| Activity |
Print the entries below again exactly as they stand, but skip any picture.

| Records provided |

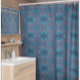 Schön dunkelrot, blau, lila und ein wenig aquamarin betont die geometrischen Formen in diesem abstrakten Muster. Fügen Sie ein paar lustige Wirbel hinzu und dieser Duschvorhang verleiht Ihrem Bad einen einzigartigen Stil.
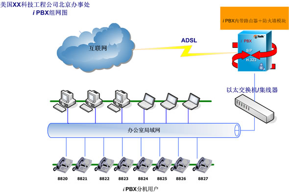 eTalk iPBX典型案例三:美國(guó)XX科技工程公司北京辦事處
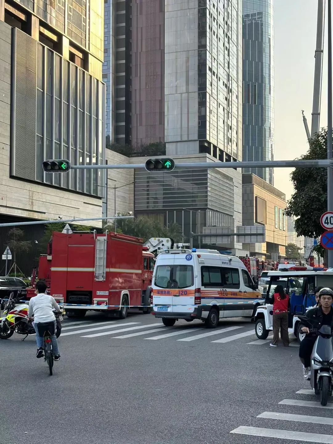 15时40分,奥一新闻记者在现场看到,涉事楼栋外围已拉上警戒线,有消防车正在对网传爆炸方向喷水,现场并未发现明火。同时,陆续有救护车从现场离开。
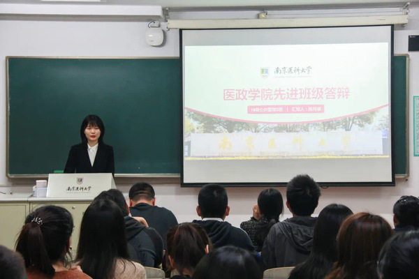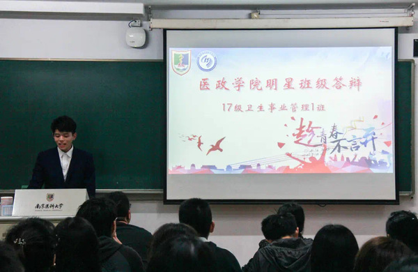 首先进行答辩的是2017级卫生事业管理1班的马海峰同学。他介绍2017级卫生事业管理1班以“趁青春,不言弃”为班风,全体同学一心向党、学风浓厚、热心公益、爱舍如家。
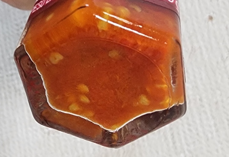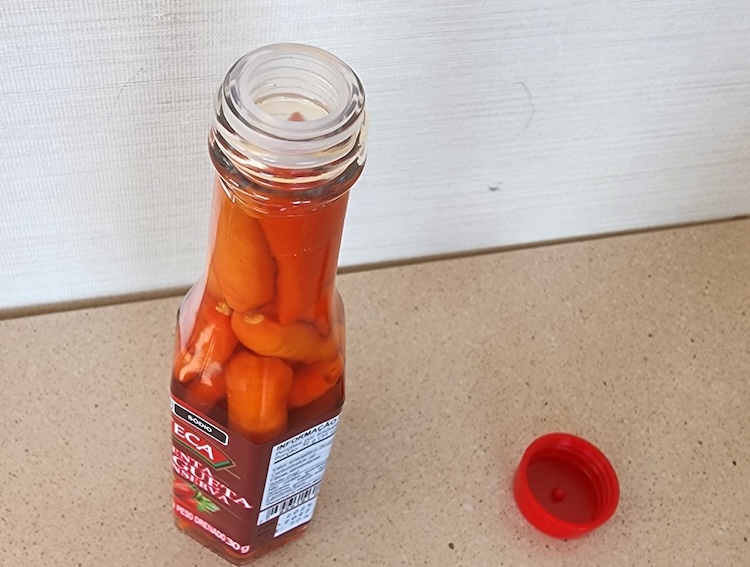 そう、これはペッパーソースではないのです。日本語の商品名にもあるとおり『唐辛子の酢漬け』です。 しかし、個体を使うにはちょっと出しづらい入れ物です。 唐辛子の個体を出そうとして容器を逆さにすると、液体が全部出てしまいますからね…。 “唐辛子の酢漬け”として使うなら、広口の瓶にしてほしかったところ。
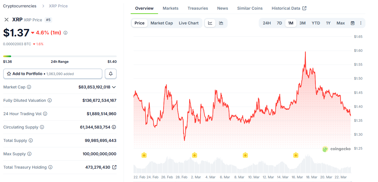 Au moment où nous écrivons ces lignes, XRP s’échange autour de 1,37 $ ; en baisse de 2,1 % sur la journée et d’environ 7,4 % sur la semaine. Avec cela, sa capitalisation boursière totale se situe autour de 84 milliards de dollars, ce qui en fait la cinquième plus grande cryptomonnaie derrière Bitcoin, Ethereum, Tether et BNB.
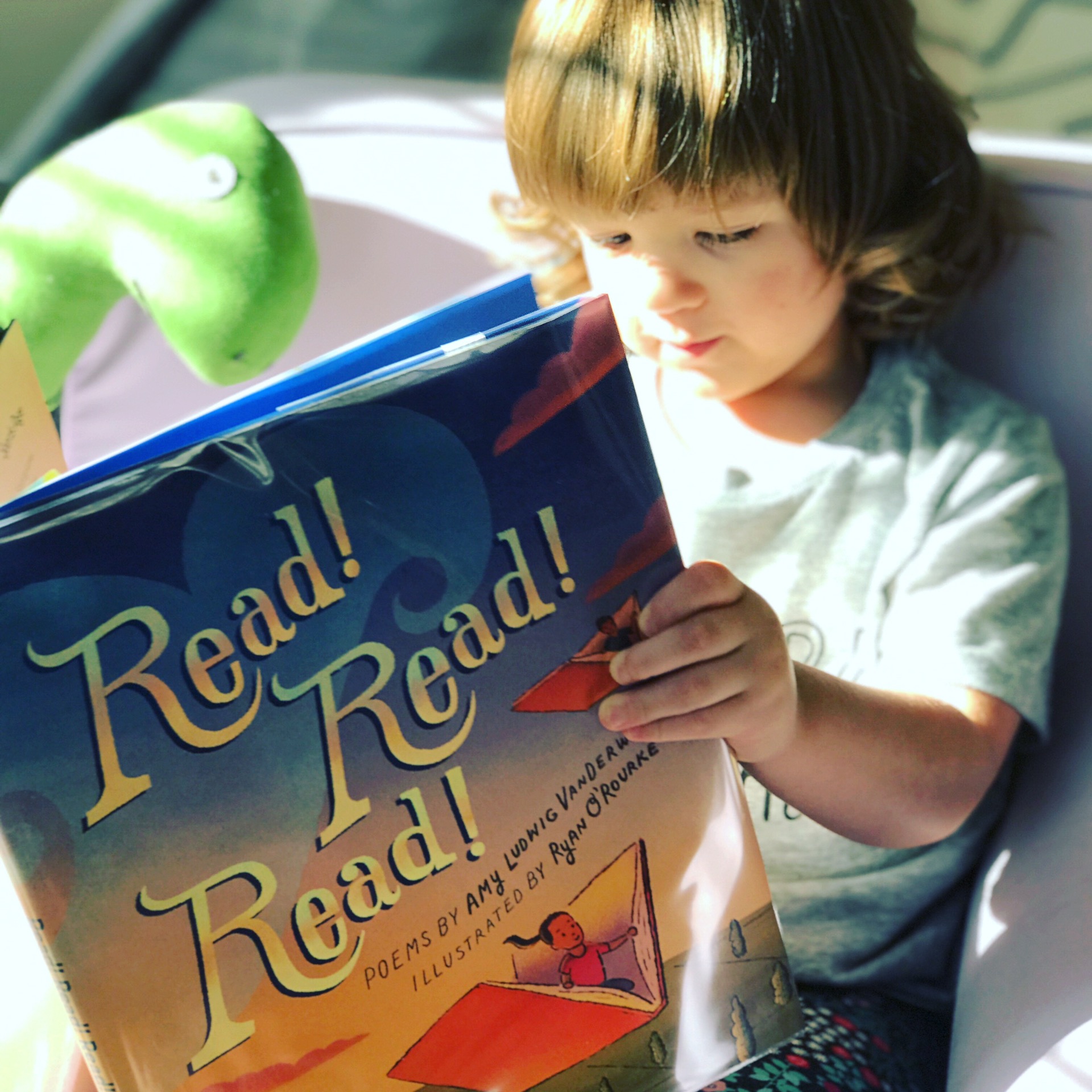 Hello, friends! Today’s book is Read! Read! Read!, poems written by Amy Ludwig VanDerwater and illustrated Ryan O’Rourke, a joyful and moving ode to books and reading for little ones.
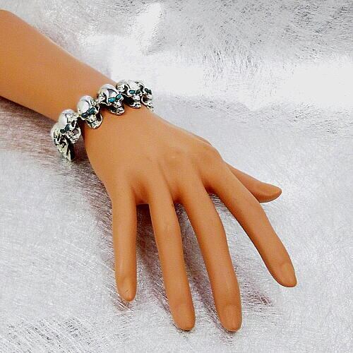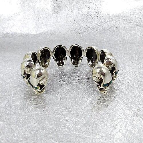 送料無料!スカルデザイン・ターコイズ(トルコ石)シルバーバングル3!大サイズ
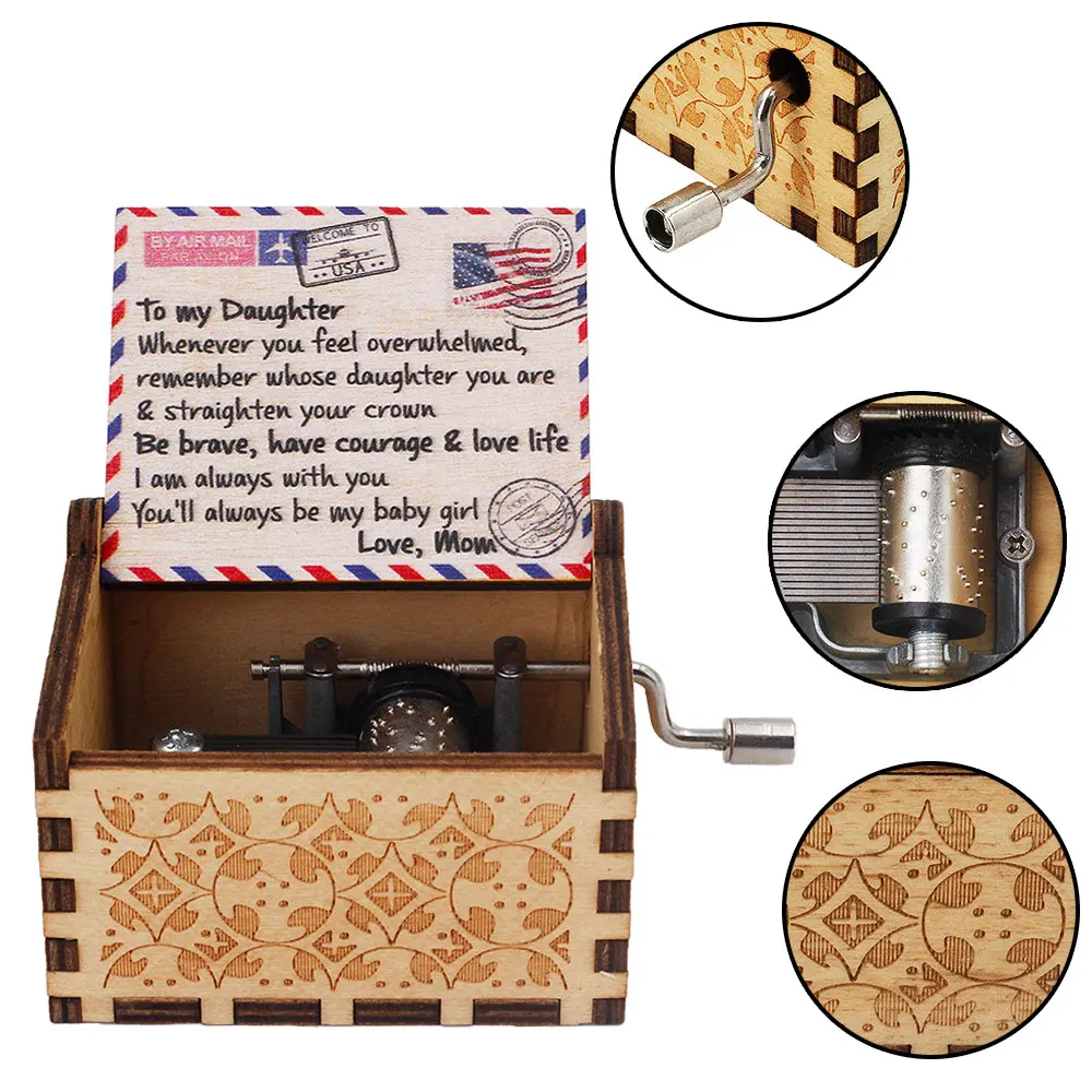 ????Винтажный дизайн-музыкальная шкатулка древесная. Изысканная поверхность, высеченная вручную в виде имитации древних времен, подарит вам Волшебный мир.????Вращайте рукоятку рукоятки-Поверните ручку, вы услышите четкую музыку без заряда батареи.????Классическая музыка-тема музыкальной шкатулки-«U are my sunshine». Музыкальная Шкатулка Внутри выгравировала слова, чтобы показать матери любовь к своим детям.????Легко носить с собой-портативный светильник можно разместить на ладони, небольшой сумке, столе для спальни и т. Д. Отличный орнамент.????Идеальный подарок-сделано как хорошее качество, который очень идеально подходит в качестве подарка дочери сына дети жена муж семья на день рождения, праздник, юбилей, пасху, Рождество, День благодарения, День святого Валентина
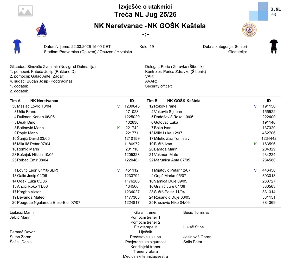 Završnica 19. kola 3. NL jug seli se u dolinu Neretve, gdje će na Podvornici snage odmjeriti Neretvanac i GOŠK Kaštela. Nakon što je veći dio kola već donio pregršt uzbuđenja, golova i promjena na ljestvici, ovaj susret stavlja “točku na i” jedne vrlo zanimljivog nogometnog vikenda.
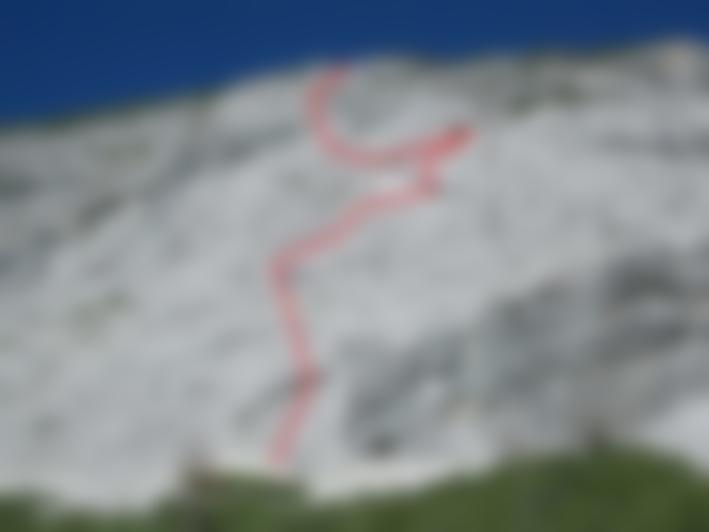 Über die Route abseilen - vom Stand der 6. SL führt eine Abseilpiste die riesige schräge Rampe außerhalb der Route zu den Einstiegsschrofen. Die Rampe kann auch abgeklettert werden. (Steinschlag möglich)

| Result below |
 Schön dunkelrot, blau, lila und ein wenig aquamarin betont die geometrischen Formen in diesem abstrakten Muster. Fügen Sie ein paar lustige Wirbel hinzu und dieser Duschvorhang verleiht Ihrem Bad einen einzigartigen Stil.
 eTalk iPBX典型案例三:美國(guó)XX科技工程公司北京辦事處
 15时40分,奥一新闻记者在现场看到,涉事楼栋外围已拉上警戒线,有消防车正在对网传爆炸方向喷水,现场并未发现明火。同时,陆续有救护车从现场离开。
 首先进行答辩的是2017级卫生事业管理1班的马海峰同学。他介绍2017级卫生事业管理1班以“趁青春,不言弃”为班风,全体同学一心向党、学风浓厚、热心公益、爱舍如家。
 そう、これはペッパーソースではないのです。日本語の商品名にもあるとおり『唐辛子の酢漬け』です。 しかし、個体を使うにはちょっと出しづらい入れ物です。 唐辛子の個体を出そうとして容器を逆さにすると、液体が全部出てしまいますからね…。 “唐辛子の酢漬け”として使うなら、広口の瓶にしてほしかったところ。
 Au moment où nous écrivons ces lignes, XRP s’échange autour de 1,37 $ ; en baisse de 2,1 % sur la journée et d’environ 7,4 % sur la semaine. Avec cela, sa capitalisation boursière totale se situe autour de 84 milliards de dollars, ce qui en fait la cinquième plus grande cryptomonnaie derrière Bitcoin, Ethereum, Tether et BNB.
 Hello, friends! Today’s book is Read! Read! Read!, poems written by Amy Ludwig VanDerwater and illustrated Ryan O’Rourke, a joyful and moving ode to books and reading for little ones.
 送料無料!スカルデザイン・ターコイズ(トルコ石)シルバーバングル3!大サイズ
 ????Винтажный дизайн-музыкальная шкатулка древесная. Изысканная поверхность, высеченная вручную в виде имитации древних времен, подарит вам Волшебный мир.????Вращайте рукоятку рукоятки-Поверните ручку, вы услышите четкую музыку без заряда батареи.????Классическая музыка-тема музыкальной шкатулки-«U are my sunshine». Музыкальная Шкатулка Внутри выгравировала слова, чтобы показать матери любовь к своим детям.????Легко носить с собой-портативный светильник можно разместить на ладони, небольшой сумке, столе для спальни и т. Д. Отличный орнамент.????Идеальный подарок-сделано как хорошее качество, который очень идеально подходит в качестве подарка дочери сына дети жена муж семья на день рождения, праздник, юбилей, пасху, Рождество, День благодарения, День святого Валентина
 Završnica 19. kola 3. NL jug seli se u dolinu Neretve, gdje će na Podvornici snage odmjeriti Neretvanac i GOŠK Kaštela. Nakon što je veći dio kola već donio pregršt uzbuđenja, golova i promjena na ljestvici, ovaj susret stavlja “točku na i” jedne vrlo zanimljivog nogometnog vikenda.
 Über die Route abseilen - vom Stand der 6. SL führt eine Abseilpiste die riesige schräge Rampe außerhalb der Route zu den Einstiegsschrofen. Die Rampe kann auch abgeklettert werden. (Steinschlag möglich)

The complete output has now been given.